Where did you come from?
- We’ve been thinking about bringing machines to life for a very long time. Not just machines, but think of Frankenstein’s monster – brought to life by electricity.
- So making mechanical things look real has a very long history. AI has ancestors and heritage.
- Most of our stories of artificial life go badly – think of Terminator, Blade Runner… they all end in tears (in rain). Aasimov at least suggested some laws of robotics to give us a chance of things going well.
What do you do every day?
- We all have our daily rituals. Things we do every morning; then things we do on unsual days like going to a conference. We will all have used AI today already, even just because we caught a train or bus that uses systems backed by algorithms (the building blocks of AI).
- AIs are trained with incomplete data about things that have already happened. They are trained by the past, then influence the future by presenting new data to humans.
- What are your dreams? (it’s hard to ask an AI what it isn’t since it is based on an incomplete dataset of events in the past)
- Can an AI truly create? Can we have an AI artist?
- Note the term marked vs unmarked categories. eg. why the “Test Team” is the mens’ team, and the “Women’s Test Team” has to be specified.
- AIs have issues with unmarked categories; they have problems with extrapolation. Cars that can avoid elk on the road can avoid other four-legged animals, but they run straight into kangaroos because they just don’t move the same way.
AI stories matter. The way we talk and think about AI changes how we deal with them… consider the linguistic slip of “self-driving car” – we give the car a self. An identity. That’s different from a car with “driver assist” or “autopilot”.
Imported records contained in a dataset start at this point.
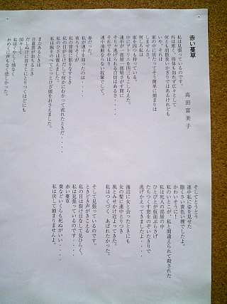 「ピグマリオン」の原画の手前に、静内高等学校文芸部の文集「あけぼの 25」が展示されています。高田富美子の作品のうちの一つはなんと「赤い蔓草」です。黄色い煙が出てくる詩です。すごいすごい、こんなものが見られるなんて。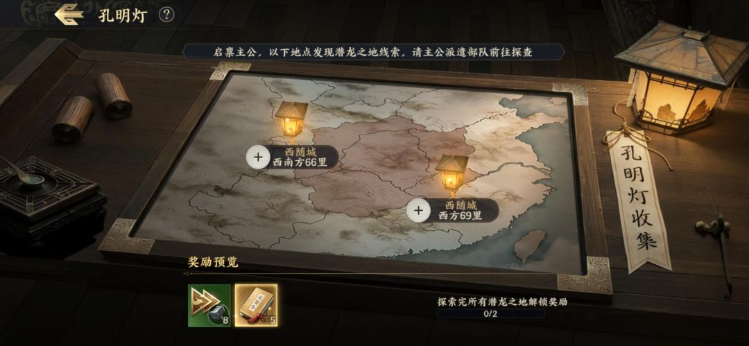 4、当部队到达孔明灯位置的时候,点击孔明灯收集就可以获得2个潜龙宝箱,每个潜龙宝箱可获得50银淀。收集满当前等级的孔明灯数量后可以返回公示牌-孔明灯界面领取收集奖励哦。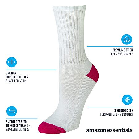 10-Pairs Amazon Essentials Women's Cotton Crew Socks (Pink/Grey/White, sizes 6-9) $3.97 ($0.39/pair) w/ S&S + Free Shipping w/ Prime or on $35+

How do we remember to ask more questions about AI and what we’re doing with them? The AI behind our social feeds presents a version of the world we probably wouldn’t choose. Yet we allow them to shape our lives. Very few AIs or algorithms are being created with the user’s best interests at heart, they are created to maximise profit.
There’s a lot of talk about the ‘4th wave of industrialisation’. The problem with that is that although accurate it isn’t including human history from the same period.
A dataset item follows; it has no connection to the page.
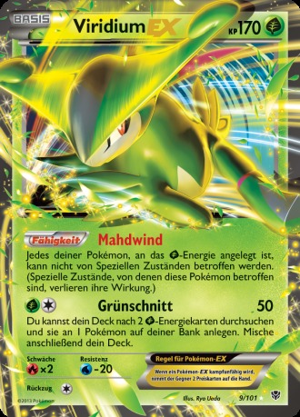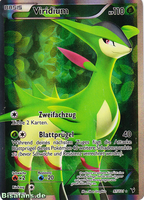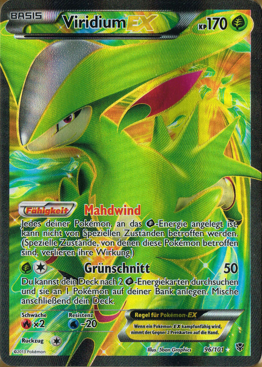 - SWKS Eine Legende berichtet davon, wie Viridium einst mit Kobalium und Terrakium unermüdlich die Pokémon Einalls vor den Menschen beschützte.
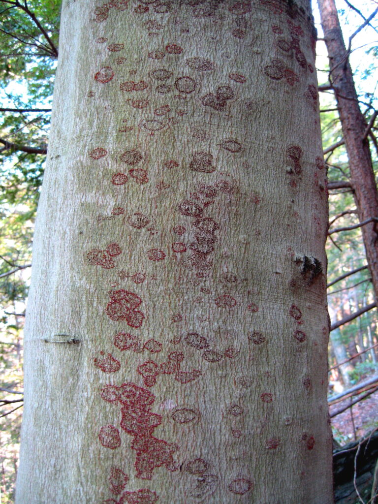 After researching for a while, I think that the pink fungus adjacent thing growing on the first picture could be Beech Bark Disease, which eventually kills Beech trees (below is an extreme image of this fungus from google)

When engineering appeared as a discipline, it was a radical intervention. It was a way to give structure to a chaotic world. The school of engineering that appeared in France was a response to a lack of structure – the king was dead, religion was losing dominance. Science was a way to give order to the world.
So we can give AI a back story. What about its future?
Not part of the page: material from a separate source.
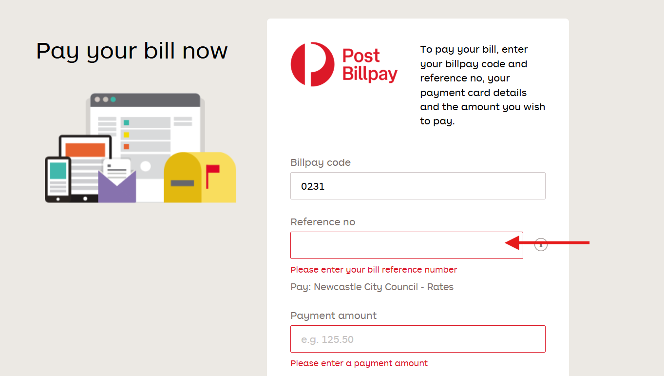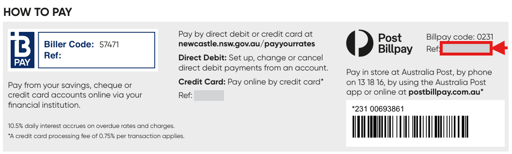 Post Billpay by calling 13 18 16 or visit Australia Post Billpay and pay by credit card use Billpay code 0231. Your reference number can be found next to the Post Billpay logo on the bottom of your rates notice. You can also pay in person at any Australia Post outlet.

The next big thing is most likely managing data – the mana on which all AI is built. Although the challenge isn’t really about literally managing the data, it’s the technical systems that are emergent on top of it. There are many things currently considered individual pieces – eg. IoT, machine learning, deep learning – that will eventually become a coherent system.
Genevieve said “I think we need to build the next applied science.” which is how she ended up at the ANU. “Be careful what you say you’ll do, because someone might say ‘great! get on with it’.”
Three questions based on Autonomy, Agency, Assurance. These are loaded words! We live in a world where not everyone has as much autonomy as everyone else. We have difficulties thinking of something that serves us (robot is from ‘robota’ meaning serf) having autonomy. We have trouble determining acceptable limits and ranges of autonomy (assuming there even are any).
Holy shit, @feraldata is proposing an entire new interdisciplinary science for the emerging knowledge and practices we’ll need to deal with AI.
A new school at the scale of ethnography, engineering or computer science. And I think she’s right.#webdirections
— Viveka ☯ (@viveka) November 9, 2017
Genevieve is setting out to create this new applied science. She’s given herself five years. She’s busy and she’s hiring!